Me diste un cómo, un porqué, un madero al que aferrarme cuando la tristeza me volteaba.
Y, casi como una profecía, llegaron los años de militancia con Palito en el barrio San Carlos. Después nació el Hogar para pibes y pibas Pantalón Cortito, en aquellos difíciles años noventa.
Te veo en la movilización espontanea contra el indulto. El Hogar ya estaba en marcha. Romina cumplía un año y la llevaba en brazos. Gonzalo iba en brazos de Palito. Naty, con apenas ocho años, gritaba junto a nosotros contra los indultos.
De verdad, Daniel, creo que vos lo sabías: me salvaste en aquel refugio para almas hechas pedazos. Me diste la inspiración que necesitaba para atravesar los años noventa, los 2000 y también este presente tan duro, que a veces parece una pesadilla.
¿Cómo no saber de qué lado estar, si vos, querido compañero, estuviste siempre del lado del pueblo?

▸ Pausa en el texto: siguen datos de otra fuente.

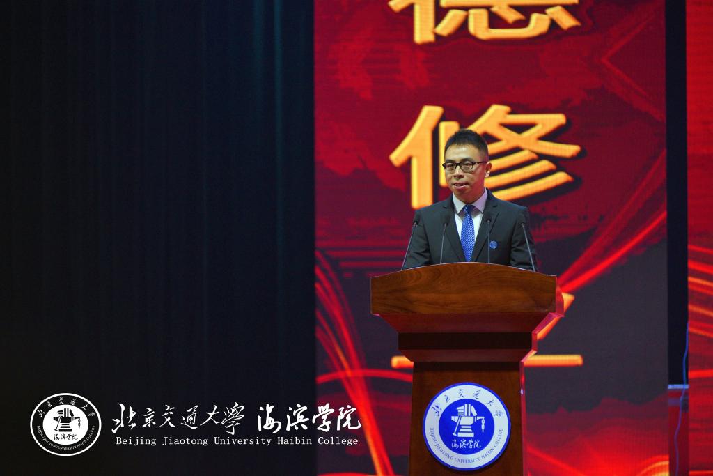 北京交通大学副校长关忠良首先代表北京交通大学向十岁芳华的海滨学院致以节日的问候,向德赢官网领导班子以及教职工和海滨学子致以祝贺。他提出三点希望:一是希望海滨学院继续坚持立德树人的根本任务,认真总结办学经验,将自身打造成为名副其实的人才培养高地。二是希望海滨教职工队伍继续做好传道授业,努力承载起传播知识、传播真理、传播思想、塑造灵魂、塑造生命、塑造新人的时代重任。三是希望海滨学子响应国家号召,珍惜时光,努力成为德智体美劳全面发展的佼佼者,努力成为社会主义合格的建设者和接班人。他还表示,北京交通大学将一如继往地关注关心和支持海滨学院的发展,助推海滨学院各项事业的新跨越。
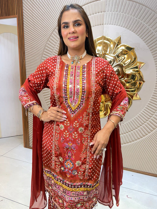 Elegant Orange Suit With Lace Work On Dupatta PC2564
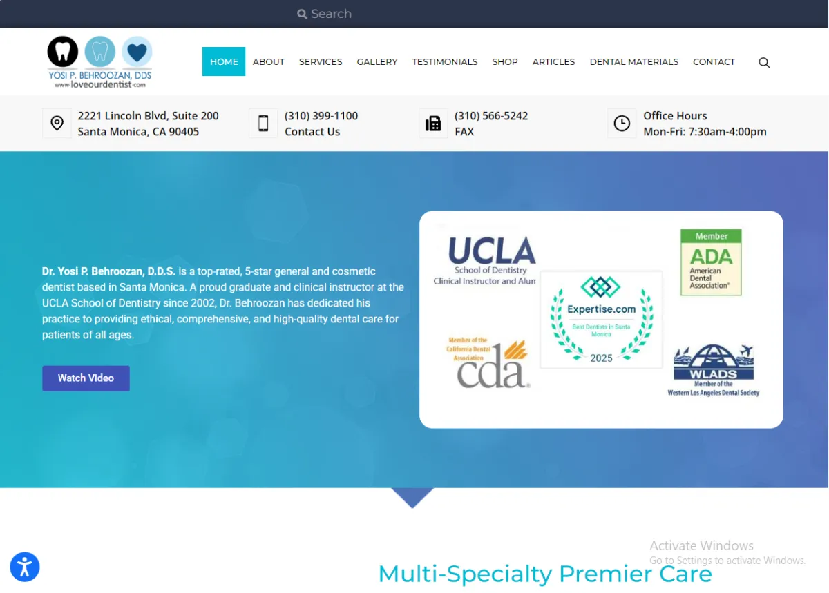 We built a professional, patient-focused website for Dr. Yosi P. Behroozan, DDS ("Love Our Dentist") in Santa Monica, CA, promoting his top-rated general, cosmetic, and multi-specialty dental practice.

Fuiste coherente, sencillo, inmensamente sabio en la salud pública y de una honestidad ejemplar. Pero también llevabas esa impronta poética, tanguera y murguera que te hacía único.
¿Te acordás de los encuentros con El Sabalero? ¿De tu preocupación permanente por acercar recursos para los pibes? ¿De la paciencia con la que orientabas, desde tu rol profesional, a nuestro equipo de trabajo, siempre buscando que hiciéramos las cosas un poco mejor?
Vos eras una guía para nosotros.
Fuiste presencia, seguridad y ternura. Uno de esos compañeros que hacen sentir que nunca se está solo.
Nos vimos hace poco, en El Zócalo, durante el espectáculo de Diego Dana. Nos abrazamos. Hasta te reté porque saliste a fumar.
Y hace muy poquito me llamaste.
Hoy siento que, de alguna manera, era tu forma de despedirte.
Enorme compañero... estamos perdiendo a los mejores.
Quiero creer que es para que, desde algún lugar, nos ayuden a remontar este mundo tan lastimado, tan lejos de aquel que nuestra generación soñó construir.
Esta despedida es profundamente personal. Pero no tengo dudas de que con vos también se va un pedacito del alma de Pantalón Cortito.
Gracias por haber sido faro cuando más oscuridad había.
Vamos a extrañarte, Daniel.
Nos vemos enseguida.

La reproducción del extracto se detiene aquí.